### Prompt
Take the listing below and print exactly the lines starting at the line containing "Lebanese farmers harvest" and ending at the line containing "Gamepad Bluetooth 8BitDo", both ends included, and no others.

### The input
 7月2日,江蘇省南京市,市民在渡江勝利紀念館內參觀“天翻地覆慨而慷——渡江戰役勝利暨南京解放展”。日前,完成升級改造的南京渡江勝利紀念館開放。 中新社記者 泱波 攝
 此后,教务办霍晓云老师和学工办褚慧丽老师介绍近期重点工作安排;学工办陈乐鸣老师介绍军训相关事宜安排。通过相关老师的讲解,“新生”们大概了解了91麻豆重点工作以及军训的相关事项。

...

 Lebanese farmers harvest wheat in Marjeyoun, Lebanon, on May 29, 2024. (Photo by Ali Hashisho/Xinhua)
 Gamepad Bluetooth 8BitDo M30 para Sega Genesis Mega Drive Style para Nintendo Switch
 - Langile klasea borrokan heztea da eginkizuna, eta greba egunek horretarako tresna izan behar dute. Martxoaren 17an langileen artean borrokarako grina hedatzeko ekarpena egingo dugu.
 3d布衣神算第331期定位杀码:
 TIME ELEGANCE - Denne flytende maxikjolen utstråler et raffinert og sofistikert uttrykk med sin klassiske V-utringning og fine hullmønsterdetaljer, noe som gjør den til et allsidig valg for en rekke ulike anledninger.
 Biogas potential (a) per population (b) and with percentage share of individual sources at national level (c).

...

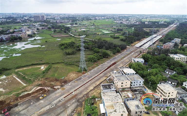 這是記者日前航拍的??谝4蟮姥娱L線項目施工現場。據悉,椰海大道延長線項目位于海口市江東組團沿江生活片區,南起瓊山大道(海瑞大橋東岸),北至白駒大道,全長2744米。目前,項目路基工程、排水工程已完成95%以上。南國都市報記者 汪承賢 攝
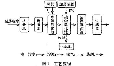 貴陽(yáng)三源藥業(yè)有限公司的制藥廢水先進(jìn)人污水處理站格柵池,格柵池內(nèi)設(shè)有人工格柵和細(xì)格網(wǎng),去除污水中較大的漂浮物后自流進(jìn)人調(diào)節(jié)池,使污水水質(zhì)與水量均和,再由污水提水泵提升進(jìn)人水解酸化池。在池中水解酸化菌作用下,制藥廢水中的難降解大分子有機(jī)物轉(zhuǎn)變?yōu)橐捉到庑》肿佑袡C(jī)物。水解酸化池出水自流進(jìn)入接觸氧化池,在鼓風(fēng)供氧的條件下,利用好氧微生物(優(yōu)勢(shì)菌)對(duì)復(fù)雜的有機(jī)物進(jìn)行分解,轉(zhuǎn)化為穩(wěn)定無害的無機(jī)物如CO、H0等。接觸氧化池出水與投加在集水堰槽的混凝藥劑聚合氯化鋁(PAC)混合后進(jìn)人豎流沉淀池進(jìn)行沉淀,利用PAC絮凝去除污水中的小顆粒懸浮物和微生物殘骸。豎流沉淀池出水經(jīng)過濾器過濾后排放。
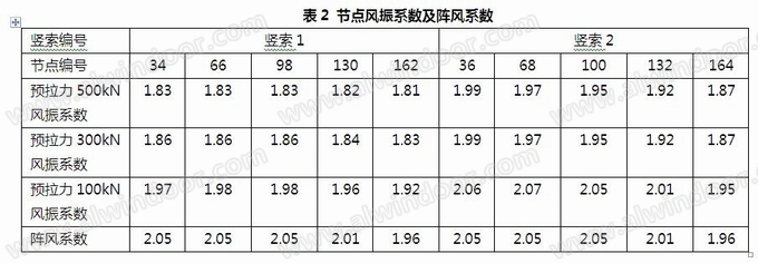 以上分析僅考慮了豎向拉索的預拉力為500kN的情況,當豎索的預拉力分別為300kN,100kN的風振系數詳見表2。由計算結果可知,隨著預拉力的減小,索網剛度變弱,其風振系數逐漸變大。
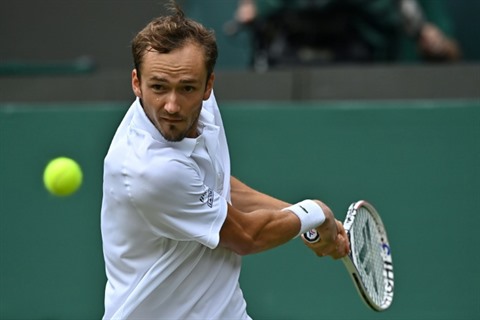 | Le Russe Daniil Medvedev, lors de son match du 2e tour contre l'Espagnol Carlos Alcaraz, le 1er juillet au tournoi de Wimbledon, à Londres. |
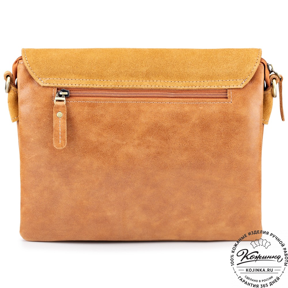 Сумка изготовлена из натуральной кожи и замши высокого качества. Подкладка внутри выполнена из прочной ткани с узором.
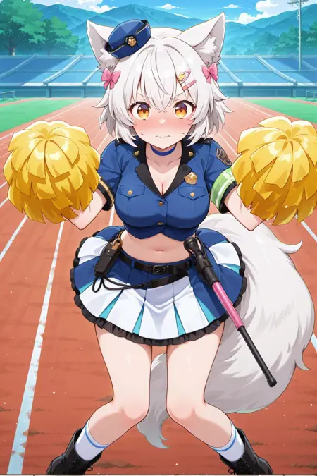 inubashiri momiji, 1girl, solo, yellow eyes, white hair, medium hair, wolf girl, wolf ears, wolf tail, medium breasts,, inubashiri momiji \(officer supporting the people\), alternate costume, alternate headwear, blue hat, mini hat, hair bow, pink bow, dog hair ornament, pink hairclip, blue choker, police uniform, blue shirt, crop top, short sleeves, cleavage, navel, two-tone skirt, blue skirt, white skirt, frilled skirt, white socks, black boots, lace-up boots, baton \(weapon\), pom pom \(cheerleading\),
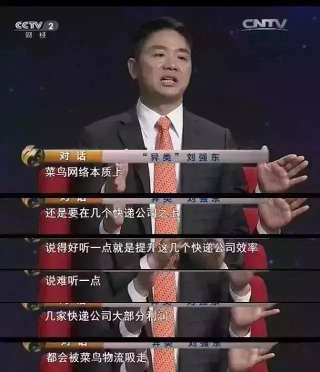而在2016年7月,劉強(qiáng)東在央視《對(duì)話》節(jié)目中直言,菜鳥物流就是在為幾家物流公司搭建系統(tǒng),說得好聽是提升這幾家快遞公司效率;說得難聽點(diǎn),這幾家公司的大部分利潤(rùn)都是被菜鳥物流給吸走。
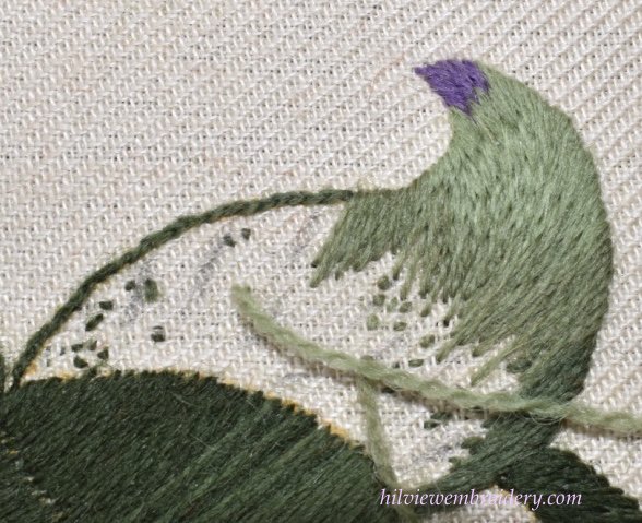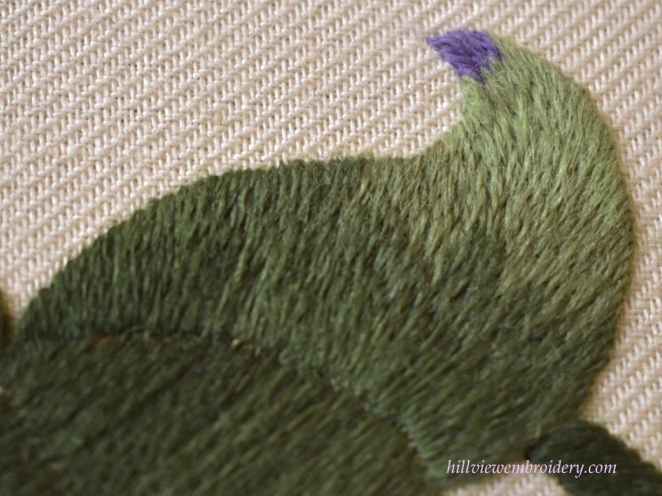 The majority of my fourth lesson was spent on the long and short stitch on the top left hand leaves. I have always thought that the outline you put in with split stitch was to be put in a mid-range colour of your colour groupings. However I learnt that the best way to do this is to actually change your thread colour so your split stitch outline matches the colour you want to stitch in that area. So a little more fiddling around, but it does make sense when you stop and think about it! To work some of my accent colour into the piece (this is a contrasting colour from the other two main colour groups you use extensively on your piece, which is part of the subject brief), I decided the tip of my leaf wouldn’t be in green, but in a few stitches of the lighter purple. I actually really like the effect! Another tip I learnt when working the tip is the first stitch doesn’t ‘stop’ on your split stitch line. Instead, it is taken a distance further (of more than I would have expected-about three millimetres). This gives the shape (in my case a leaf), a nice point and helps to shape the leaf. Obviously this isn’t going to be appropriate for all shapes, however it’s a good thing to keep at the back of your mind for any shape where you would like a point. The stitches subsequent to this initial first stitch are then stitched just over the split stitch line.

### Response below
 Lebanese farmers harvest wheat in Marjeyoun, Lebanon, on May 29, 2024. (Photo by Ali Hashisho/Xinhua)
 Gamepad Bluetooth 8BitDo M30 para Sega Genesis Mega Drive Style para Nintendo Switch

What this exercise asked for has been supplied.